What is Christian? It’s whatever you want to make of it. “Christian” supports both sides of politics. “Christian” supports both sides of hot-button issues. “Christian” wages war. “Christian” demands peace.
“Christian” is obnoxious, cynical, deceitful, hateful, judgmental, compassionate, generous, friendly, honestly, forgiving. It’s anything that the person using the label needs it to be.
But Jesus called us to be more than this. He called us to be disciples. He didn’t refer to those following him as “Christians”. He also didn’t define them by any of those terms.
In June 2010, author Anne Rice dealt with this very issue in public. She was a well-known Atheist who, through historical research, realized the Jesus she grew up knowing about was real. However, after about 10 years back in the Roman Catholic Church, Anne was ready to give up on being a Christian.

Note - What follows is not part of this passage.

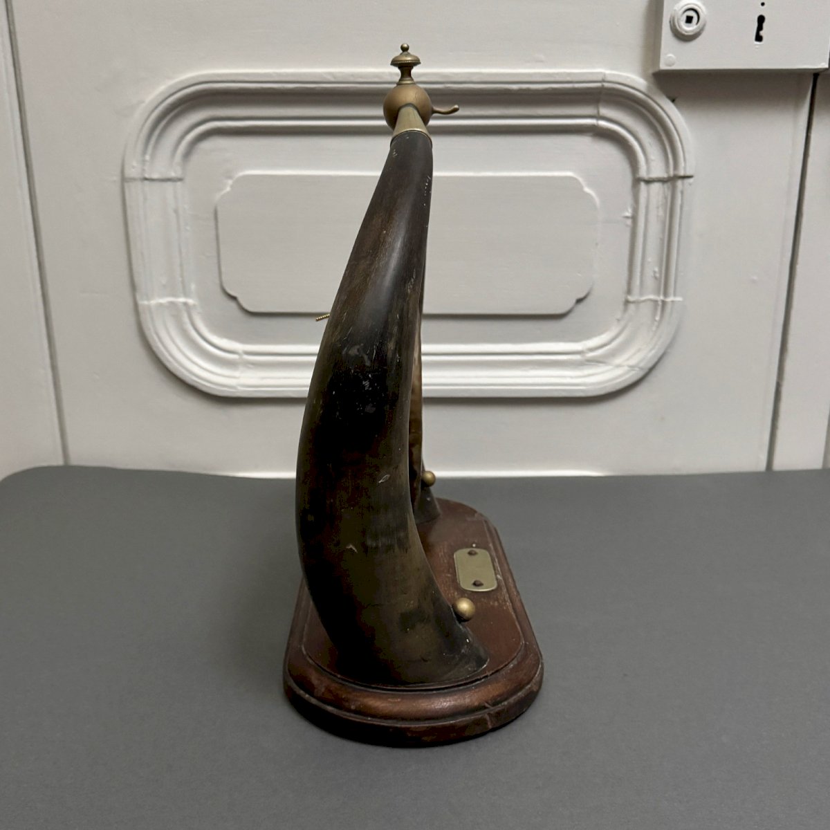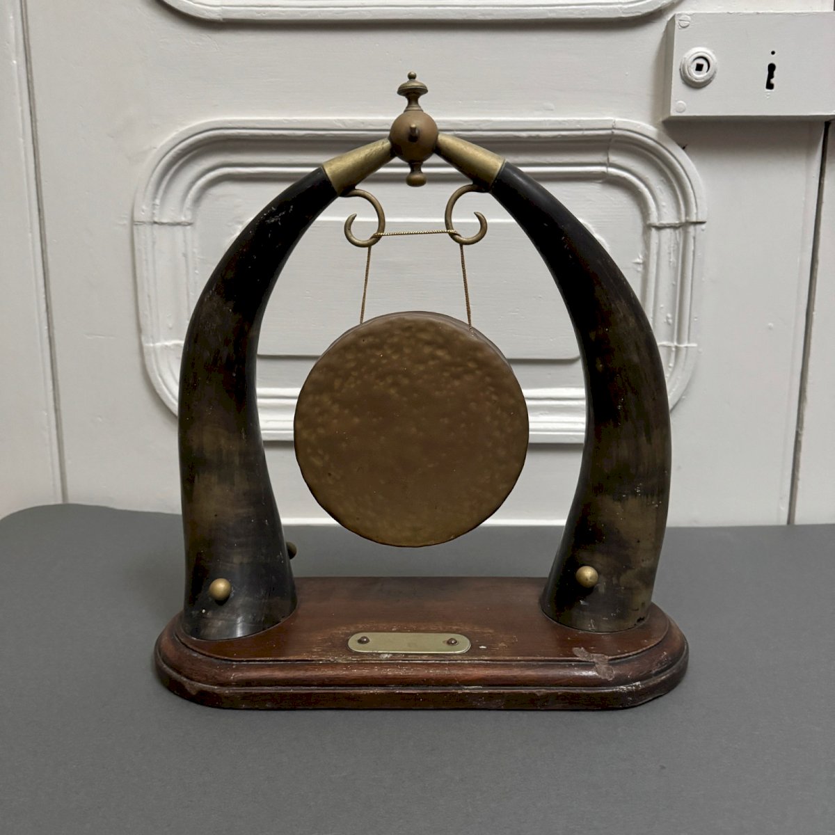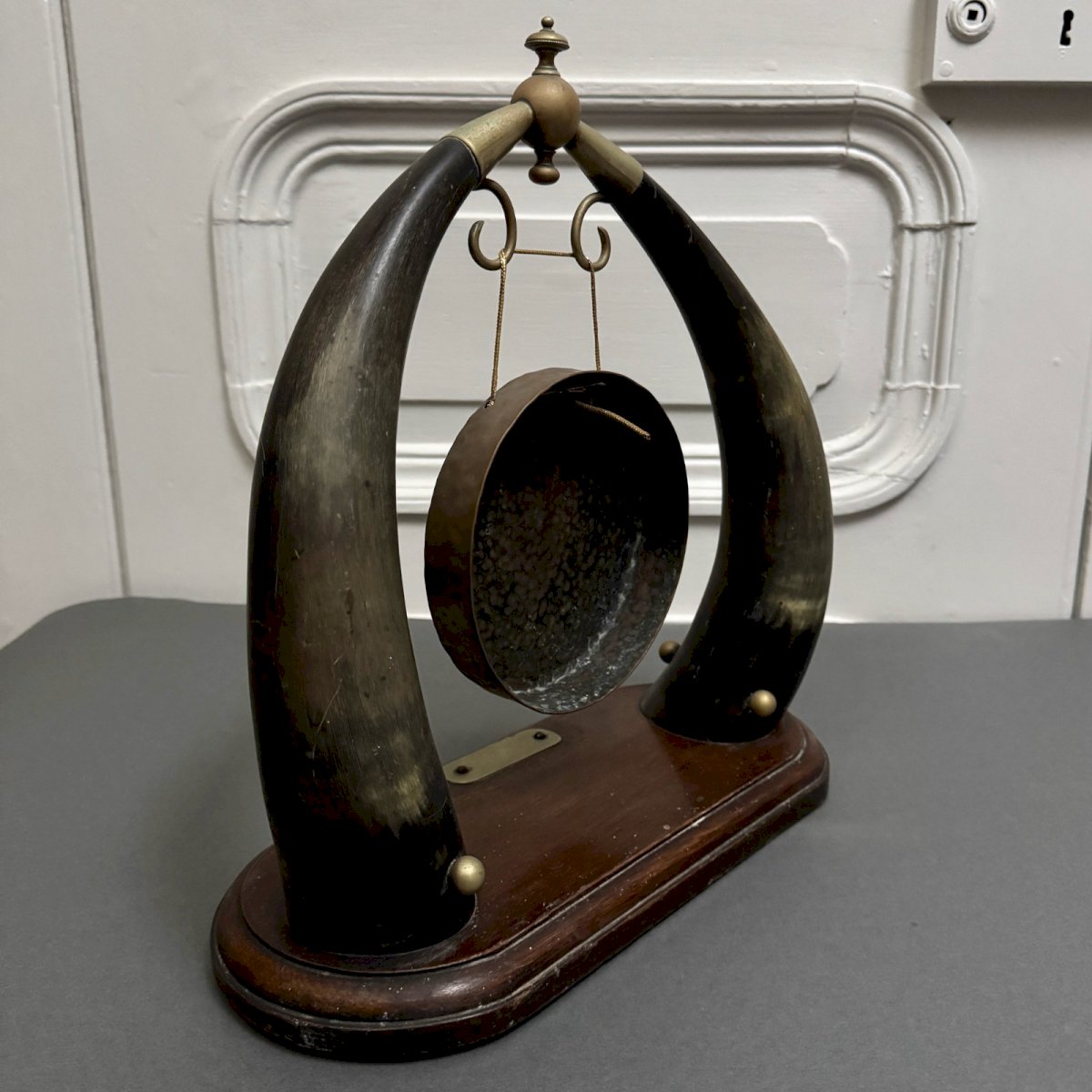 Gong de table anglais en métal et cuivre XIXe M3944 Ce gong de table est un travail du XIXe, de belle facture. Il est composé de deux cornes. Pour l'état, notons des traces d'usure et de frottements. Le tout reste cependant dans un état général tout à fait convenable. Nos photos vous permettent d'apprécier la qualité de l'objet. Merci de bien détailler les photos. N'hésitez pas à zoomer . Les photos font partie intégrante de la description. Dimensions : Hauteur : 36 cm Largeur : 33,8 cm Profondeur : 15,2 cm - Gong Diamètre : 14,8 cm P :  1681387   Je reste à votre disposition pour toute question. Type:Art de la table, Cuisine Origine:Angleterre Pays d'origine:Royaume-Uni Sous-type:Gong de table Hauteur:36 cm Matière:Cuivre Longueur:cm Largeur:33,8 cm

“I remain committed to Christ as always,” she wrote, “but not to being ‘Christian’ or to being part of Christianity. It’s simply impossible for me to ‘belong’ to this quarrelsome, hostile, disputatious and deservedly infamous group. For 10 years, I’ve tried. I’ve failed. I’m an outsider. My conscience will allow nothing else.”

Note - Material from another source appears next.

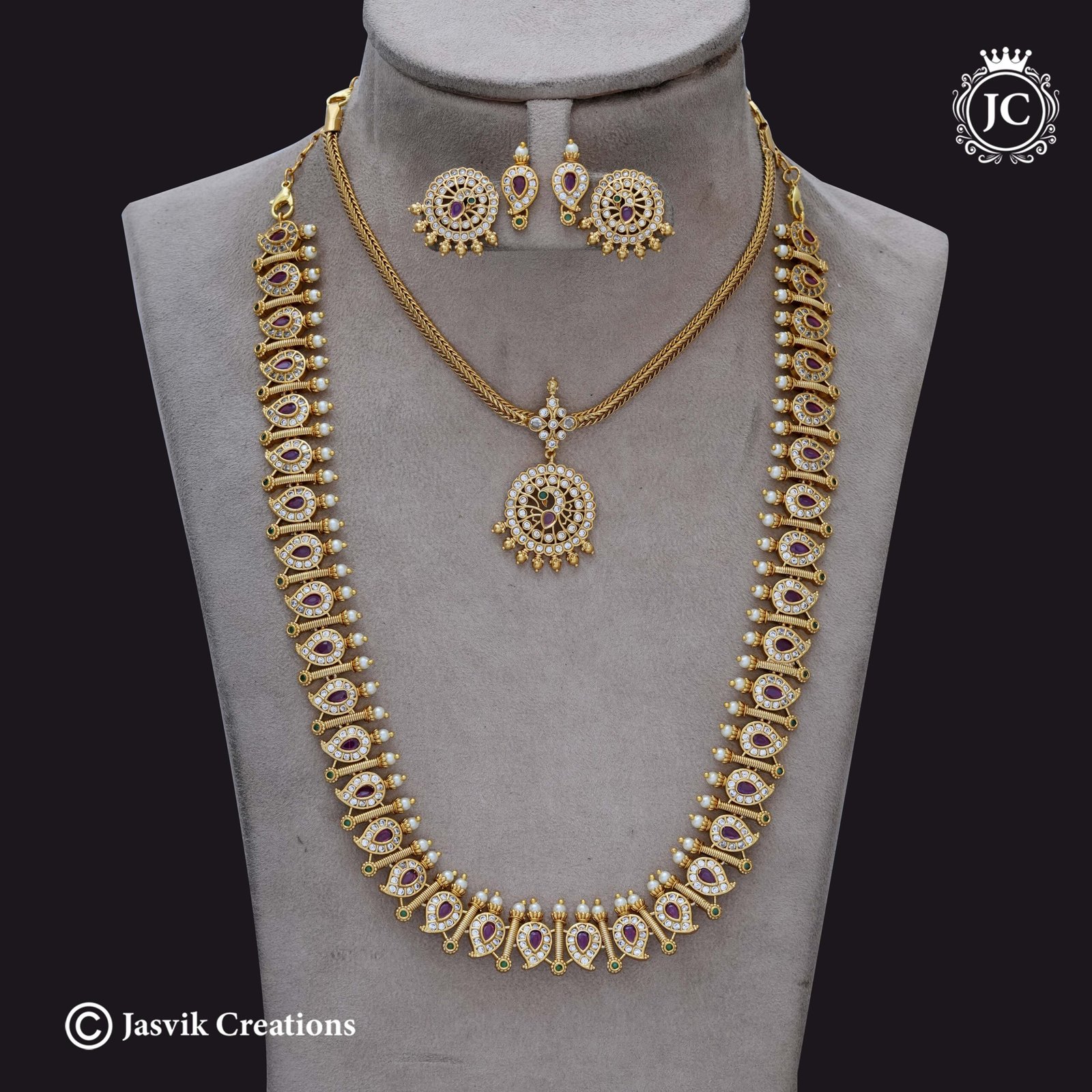 Combo Set: The set includes a long necklace (Haaram), a short necklace/choker, and a pair of matching stud earrings. Long Necklace (Haaram): Features a continuous, ornate chain of Paisley or Mango-leaf (Manga) shaped links. Each link is set with clear American Diamonds (AD/CZ) surrounding a central pink/ruby-colored stone. Small green accent stones and tiny pearl…

Anne had discovered the ugly side of “Christian” and wanted nothing to do with that part. She was done being part of a “quarrelsome, hostile, disputatious, and deservedly infamous group.”

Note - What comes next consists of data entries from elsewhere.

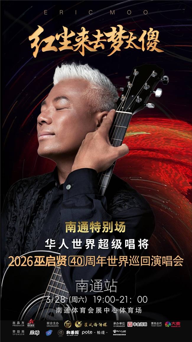 华语乐坛实力唱将巫启贤,携出道40周年特别企划巡演登陆南通。《红尘来去梦太傻》巫启贤40周年巡回演唱会·南通站正式定档2026年3月28日(周六)19:00,于南通体育会展中心体育场唱响经典,与全城歌迷共赴一场跨越时光的音乐之约。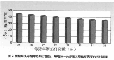 荷兰托佩克国际种猪公司(TO PIG S)的母猪的生产性能在逐年改善,见图 1 所示。2011 年,在荷兰 678 家养殖场的生产记录中,超过 164 家成功地实现每头母猪年断奶仔猪数达到 30 头以上。显然,这对每增加饲养一头仔猪其母猪所需要的饲料总量会产生较大的影响。举例来说,繁育猪群所使用的饲料总量平均每头母猪每年需要 1. 15 吨。图 2 显示了根据每头母猪年断奶仔猪数,每增加一头仔猪其母猪所需要的饲料用量。有图可见,我们的重点应该关注在饲料效率上(即每吨饲料的生猪产量) ,而不是饲料转化率(即每头猪的平均饲料重量或猪肉生产的重量) 。不过,我们需要更进一步做的是,采用总饲料效率(TFE)来包含仔猪生产和育肥猪生产。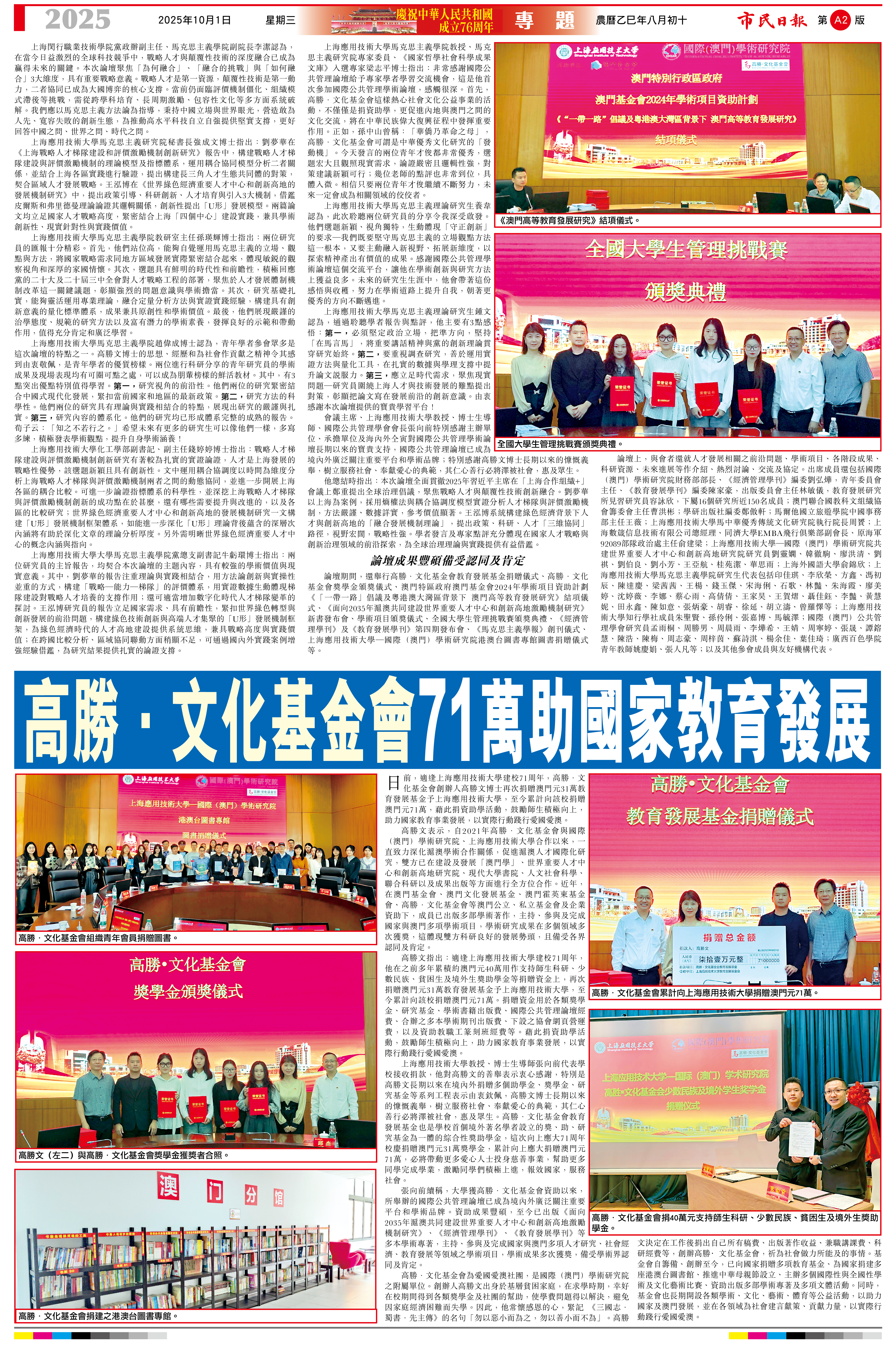 澳门《市民日报》《正报》《环球报》《环球新闻报》、中国新闻网等媒体报道会议活动及相关成果,其中《市民日报》2025年10月1日用两个整版作为庆祝中华人民共和国成立76周年专题报道。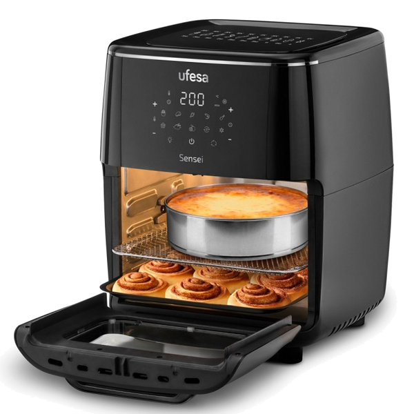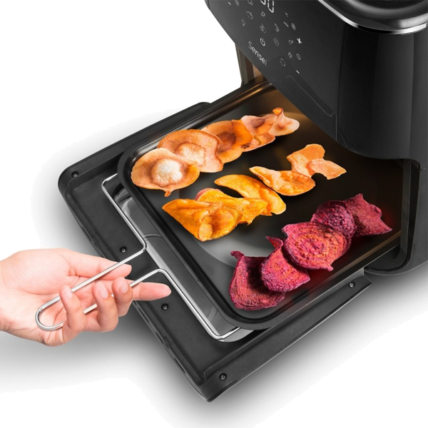 6 acessórios incluídos: 2 tabuleiros para assar, bandeja de recolha de óleo, pinças, cesto redondo giratório de 2.9lts e gancho para assador

“My commitment to Christ remains at the heart and center of my life. Transformation in Him is radical and ongoing. That I feel now that I am called to be an outsider for Him, to step away from the words, “Christian” and “Christianity” is something that my conscience demands of me. I feel that my faith in Him demands this of me. I know of no other way to express how I must remove myself from those things which seek to separate me from Him.”
Jesus made it clear what was required of those who were going to be his disciples:
By this all people will know that you are My disciples, if you have love for one another.”
John 13:35 HCSB
The apostle John further clarified this late in life in one of his letters:
Dear friends, let us love one another, because love is from God, and everyone who loves has been born of God and knows God. The one who does not love does not know God, because God is love. God’s love was revealed among us in this way: God sent His One and Only Son into the world so that we might live through Him. Love consists in this: not that we loved God, but that He loved us and sent His Son to be the propitiation for our sins. Dear friends, if God loved us in this way, we also must love one another.
1 John 4:7-11 HCSB
Anne is right. The label of “Christian” gets in the way of what “faith in Him demands.” We’re too focused on defending our label and not spending enough time loving others.
We should all consider living life as an outsider to Christianity. Organized religion is not the problem, but it does cause problems. But we don’t have to live that way.